● **SUPPLIED INFORMATION**:
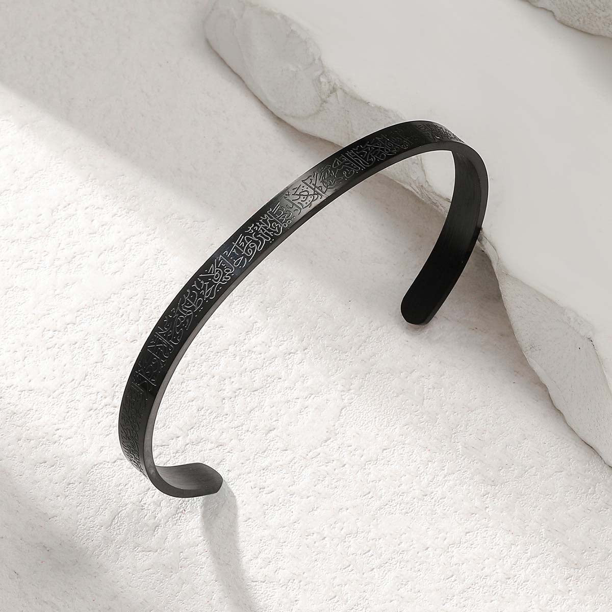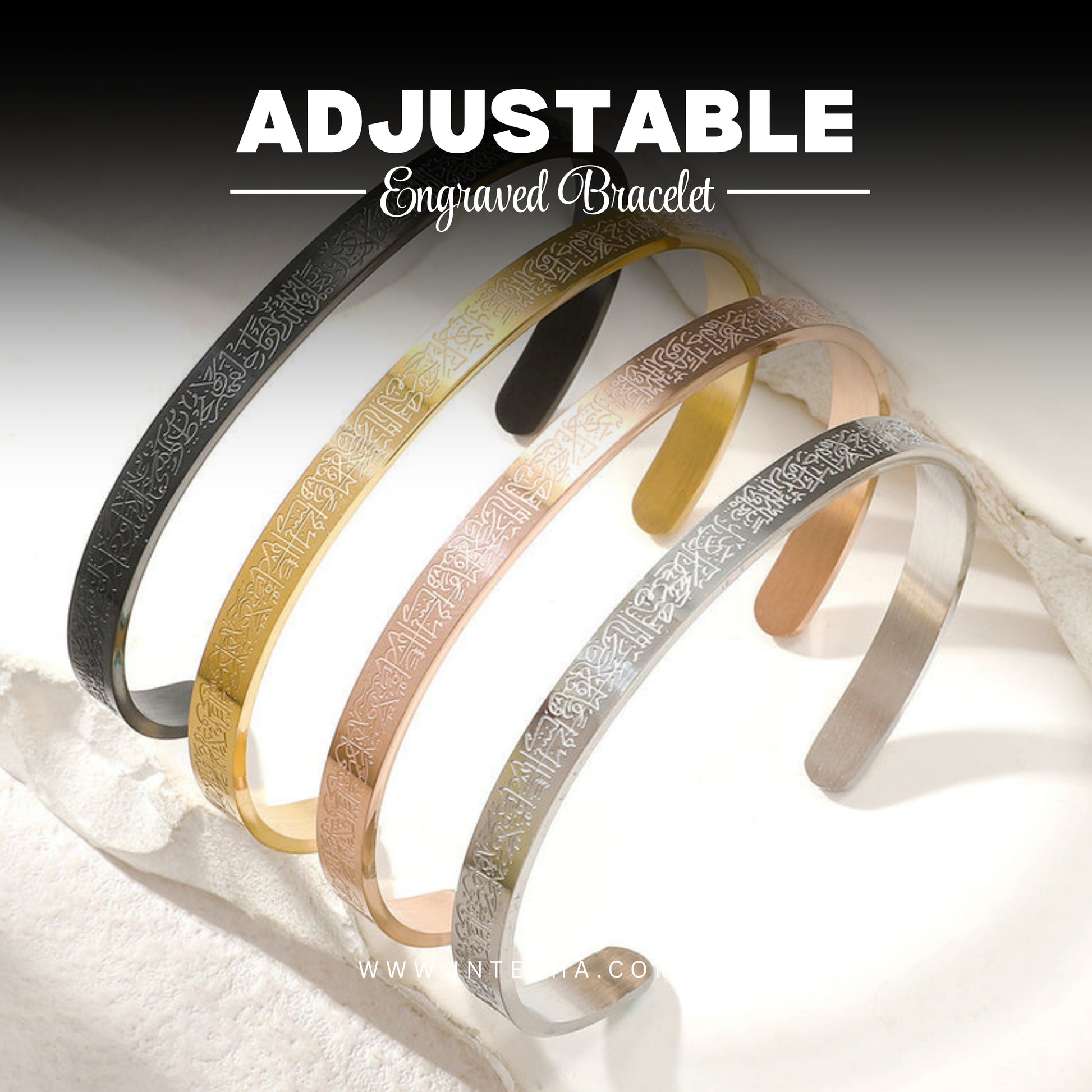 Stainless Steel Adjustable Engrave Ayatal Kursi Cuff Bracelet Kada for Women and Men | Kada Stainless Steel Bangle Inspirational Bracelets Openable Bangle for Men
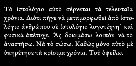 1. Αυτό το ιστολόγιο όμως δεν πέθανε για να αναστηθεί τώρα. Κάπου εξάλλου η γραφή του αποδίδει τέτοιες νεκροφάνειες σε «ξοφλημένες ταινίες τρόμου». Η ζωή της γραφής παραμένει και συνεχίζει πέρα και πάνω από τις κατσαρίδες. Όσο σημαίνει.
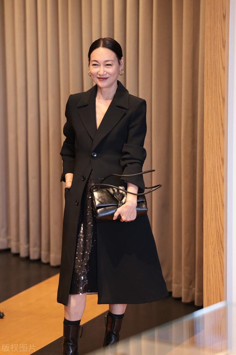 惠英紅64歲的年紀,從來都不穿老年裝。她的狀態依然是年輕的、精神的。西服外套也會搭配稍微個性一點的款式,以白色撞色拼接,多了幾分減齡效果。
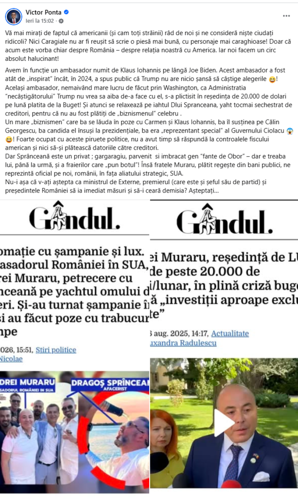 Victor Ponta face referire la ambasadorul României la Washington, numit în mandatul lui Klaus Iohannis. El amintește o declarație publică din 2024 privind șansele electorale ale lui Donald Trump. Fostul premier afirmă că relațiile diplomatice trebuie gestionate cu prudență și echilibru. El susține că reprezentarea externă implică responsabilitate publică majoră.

● **ASSIGNMENT**: Your copy should hold exactly the lines from the line containing "1. Αυτό το ιστολόγιο" through the last line of the listing above, both included, and no pictures.

● **ANSWER TO THIS PROBLEM**:
 1. Αυτό το ιστολόγιο όμως δεν πέθανε για να αναστηθεί τώρα. Κάπου εξάλλου η γραφή του αποδίδει τέτοιες νεκροφάνειες σε «ξοφλημένες ταινίες τρόμου». Η ζωή της γραφής παραμένει και συνεχίζει πέρα και πάνω από τις κατσαρίδες. Όσο σημαίνει.
 惠英紅64歲的年紀,從來都不穿老年裝。她的狀態依然是年輕的、精神的。西服外套也會搭配稍微個性一點的款式,以白色撞色拼接,多了幾分減齡效果。
 Victor Ponta face referire la ambasadorul României la Washington, numit în mandatul lui Klaus Iohannis. El amintește o declarație publică din 2024 privind șansele electorale ale lui Donald Trump. Fostul premier afirmă că relațiile diplomatice trebuie gestionate cu prudență și echilibru. El susține că reprezentarea externă implică responsabilitate publică majoră.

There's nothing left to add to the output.